The scheme would invest between 65 per cent to 100 per cent of its assets in equity and equity-related instruments of dividend-yielding companies (including equity derivatives), up to 35 per cent in other equity and equity-related instruments, up to 35 per cent in debt securities (including securitized debt and debt derivatives) and up to 10 per cent in units issued by REITs and InvITs.  

The scheme may seek investment opportunities in foreign securities including ADR/GDR/Foreign equity and overseas ETFs and debt securities subject to regulations, which may not exceed 35 per cent of the net assets of the scheme. 

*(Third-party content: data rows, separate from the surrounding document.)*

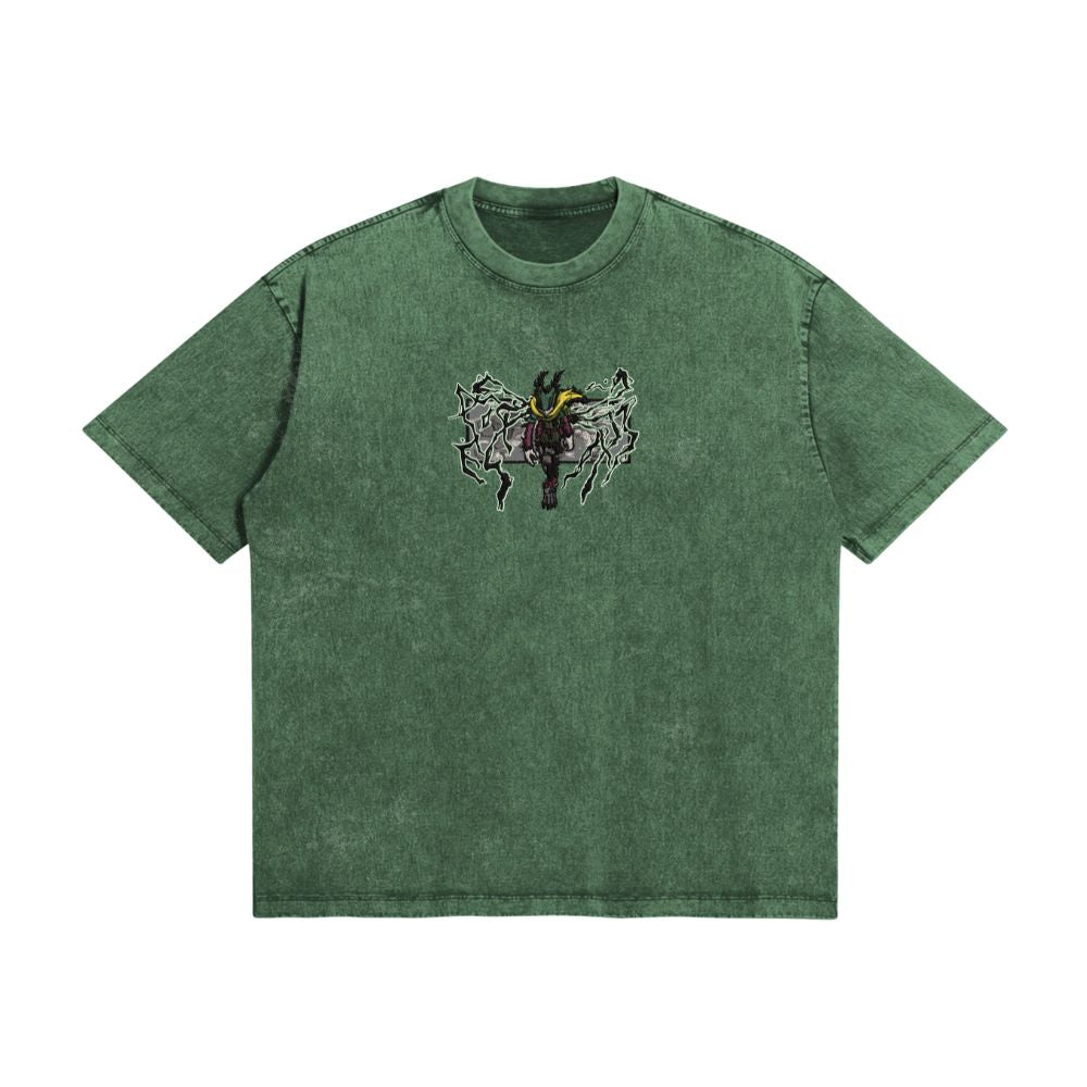A made-to-order embroidered vintage wash tee of your choice in a limited selection of carefully handpicked colors to match each design. Using poly-cotton blends and tri-blends made with our stitch-by-stitch embroidery method, each garment is created with quality attention to detail.
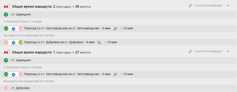 Ниже приведена информация о том, сколько часов вам потребуется, чтобы добраться от Царицыно до Дубровки, а также приведена примерная стоимость проезда (средняя цена билета) на том или ином виде транспорта.
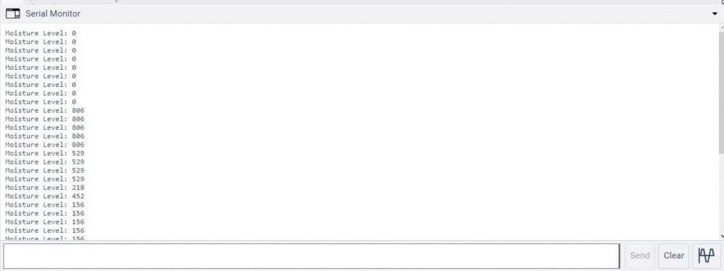 Interface moisture sensor with an Arduino board.First, the code defines a constant sensor with a value of A0. A0 is the analog pin on the Arduino board to which the moisture sensor is connected.In the setup() function, the code begins serial communication with the computer at a baud rate of 9600 using the Serial.begin() function. So this will allow the Arduino to send data to and receive data from the computer through the USB cable.In the loop() function, the code reads the analog signal from the moisture sensor using the analogRead() function and stores the value in the sensorValue variable. The value is then printed to the serial monitor using the Serial.print() and Serial.println() functions, with the text “Moisture Level” displayed before the value.The code includes a delay() function with a parameter of 1000 milliseconds, which pauses the program for 1 sec before taking another reading. This is to prevent rapid and unnecessary readings that could interfere with the accuracy of the data.This code provides a basic framework for reading data from the moisture sensor and displaying the readings in the serial monitor for further analysis or processing.

DP Singh, Deputy MD and Chief Business Officer, SBI Mutual Fund, said, “SBI Dividend Yield Fund presents an opportunity for those looking to invest in such strong businesses with steady cash flows for the long term. Those who invest in direct equity, investors wanting long-term wealth creation and even first-time mutual fund investors will find this fund suitable. Investors who want regular income can use the SWP (A) facility offered in this fund to plan regular tax-efficient cash flows.’’ 

Rohit Shimpi, CFA, will be the fund manager of this scheme with Mohit Jain the dedicated fund manager for overseas securities. Shimpi currently manages the SBI Magnum Equity ESG Fund and the equity portion of the SBI Retirement Benefit Fund.